- Born: July 25, 1917 Garden City, Kansas
- Died: May 8, 1942 (aged 24) Coral Sea
- Allegiance: United States of America
- Branch: United States Naval Reserve
- Service years: 1940-1942
- Rank: Ensign
- Unit: Scouting Squadron Five (VS-5)
- Conflicts: World War II *Battle of the Coral Sea *New Guinea campaign
- Awards: Navy Cross Gold Star in lieu of the Second Navy Cross

= Kendall Carl Campbell =

Recipient of the Navy Cross

Kendall Carl Campbell (July 25, 1917 – May 8, 1942) was a United States Navy officer who received two Navy Crosses for actions in World War II.

==Navy career==
After enlisting in the Naval Reserve 28 October 1940, Campbell reported to the Naval Reserve Aviation Base in Kansas City for flight training 15 November. Appointed Aviation Cadet on 1 February 1941, he became an Ensign on 19 August. He was assigned to carrier combat squadrons, courageously engaging the enemy in the early actions.

==Awarded the Navy Cross==
During the Battle of the Coral Sea, Ens. Campbell lost his life in this action and was awarded the Navy Cross posthumously. The official Navy citation:

 The Navy Cross is presented to Kendall C. Campbell (0-099660), Ensign, U.S. Navy (Reserve), for extraordinary heroism and courageous devotion to duty as Pilot of an airplane in Scouting Squadron FIVE (VS-5), embarked from the U.S.S. YORKTOWN (CV-5) in action against enemy Japanese forces at Tulagi Harbor on 4 May 1942, and in the Battle of the Coral Sea on 7 and 8 May 1942. These attacks, vigorously and persistently pressed home in the face of heavy anti-aircraft fire, and on 8 May opposed also by enemy fighters, resulted in the sinking or damaging of at least eight enemy Japanese vessels at Tulagi and the sinking of one carrier and the sinking or severe damaging of another in the Coral Sea. Ensign Campbell's conscientious devotion to duty and gallant self-command against formidable odds were in keeping with the highest traditions of the United States Naval Service.

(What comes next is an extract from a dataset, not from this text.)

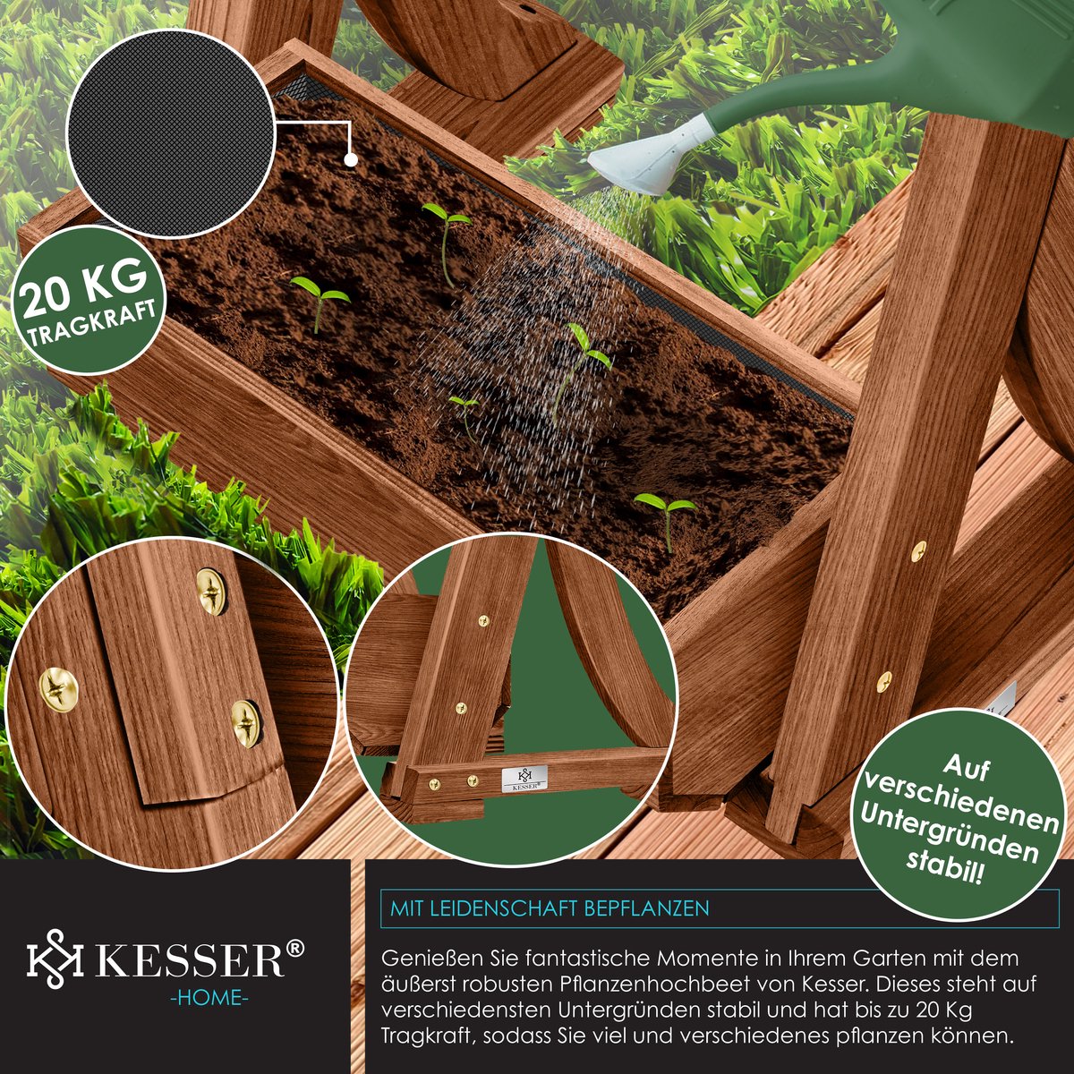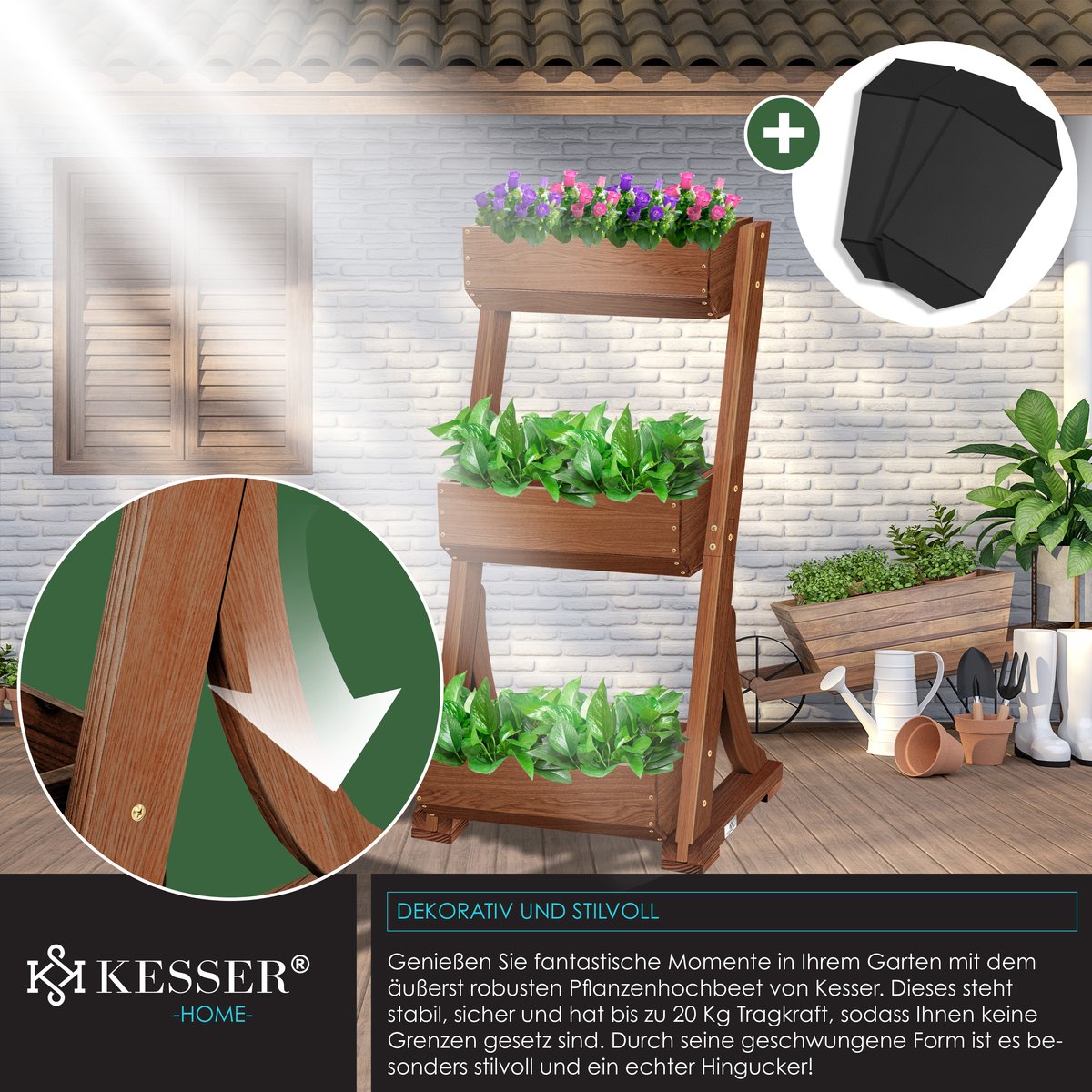 KESSER Verhoogd Bloembed met sterk draagvermogen op verschillende niveaus voor een verscheidenheid aan planten, weerbestendig dankzij hoogwaardige verwerking van duurzaam dennenhout, ideale zonbestraling door verstelbare hoek, inclusief tuinvlies voor alle niveaus.

He was also awarded the Gold Star in lieu of the Second Navy Cross for service in New Guinea. The official Navy citation:

 The Navy Cross is presented to Kendall C. Campbell (0-099660), Ensign, U.S. Navy (Reserve), for extraordinary heroism and distinguished service as Pilot of an airplane in Scouting Squadron FIVE (VF-5), embarked from the U.S.S. YORKTOWN (CV-5), in action against enemy Japanese forces near Salamaua and Lae, New Guinea, on 10 March 1942. Ensign Campbell pressed home, in the face of heavy anti-aircraft fire, a vigorous and determined dive bombing attack on enemy ships, making a direct hit on one hostile vessel. By his superb airmanship and outstanding courage he contributed to the destruction of the three enemy ships and upheld the highest traditions of the United States Naval Service.

==Namesake==
USS Kendall C. Campbell (DE-443) was named in his honor. She was launched 19 March 1944 by the Federal Shipbuilding & Drydock Company, Newark, New Jersey; sponsored by Mrs. Carl B. Campbell; and commissioned 31 July 1944, Lt. Comdr. R. W. Johnson in command.